Apart from targeting TME and exerting an antitumor effect, β-blockers have been shown to prevent cancer therapy-induced complications such as cardiomyopathy and hypertension; thus, β-blockers are competitive in combinatorial therapy. Some studies have suggested that β-blockers prevent the ventricular dysfunction and cardiotoxicity induced by chemotherapy, and the reduction in the left ventricular ejection fraction mediated by β-blockers is <10%.[201,202] To date, dexrazoxane is the only FDA-approved agent for anthracycline-induced cardiotoxicity prevention.[203] The potential mechanism behind anthracycline-induced cardiotoxicity includes ROS production, iron-metabolism alteration, and Ca2+ channel change.[204]

Although VEGF inhibitor has been applied in various cancers due to its ability to reduce hypoxia-induced excessive angiogenesis,[205,206] a great number of hypertension cases in cancer patients and increased arterial vascular events have been reported.[207] Carvedilol may benefit the reversal of VEGF-induced hypertension due to its vasodilatory effect.[207]

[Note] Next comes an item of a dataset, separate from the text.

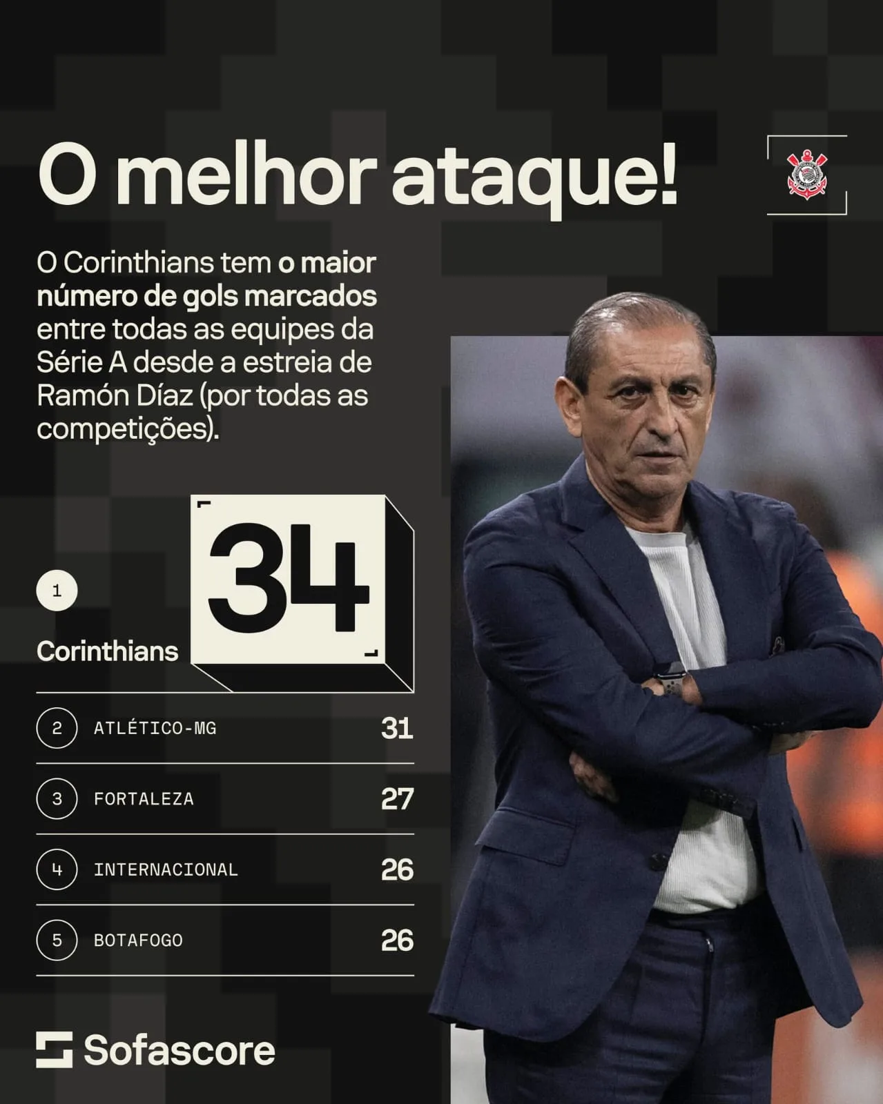 Desde que Ramón Díaz assumiu o cargo de treinador, o Corinthians teve uma melhora considerável no setor ofensivo. Conforme dados do site Sofascore, a equipe paulista é líder entre os times da Série A em gols marcados desde a chegada do novo técnico, superando times como Atlético-MG, Fortaleza, Internacional e Botafogo.

However, the use of selective β1 (metoprolol) or β2 (bisoprolol) blockers may also promote VEGF-triggered microvessel sprouting, which does not apply to carvedilol (a nonselective β blocker).[208] Some unsupportive data from several clinical trials have indicated that the use of β-blockers is correlated with higher overall mortality and recurrence rate, with the mechanism remaining undiscovered.[209,210] The category of the β blocker is important to recognize and so pay attention could be paid to its side effects during the investigation.

Metformin

Metformin is a well-known traditional antidiabetic drug, but its involvement in cancer, tuberculosis infection, and myotonic dystrophy has been increasingly observed.[211-213] Metformin reportedly exerts antitumor activity in multiple cancers, such as gastric and thyroid cancers.[214,215] More than 100 clinical trials have focused on the combination of metformin with chemotherapy, radiotherapy, immunotherapy, or targeted therapy in multiple cancers, including head and neck squamous cell carcinoma (HNSCC), gynecological cancer, myeloma, acute lymphocytic leukemia, and acute myeloid leukemia (Table 1). The use of metformin reportedly prolongs OS for high-grade glioma patients[216] and decreases the incidence of colorectal cancer in type 2 diabetes patients in a dose-dependent manner.[217]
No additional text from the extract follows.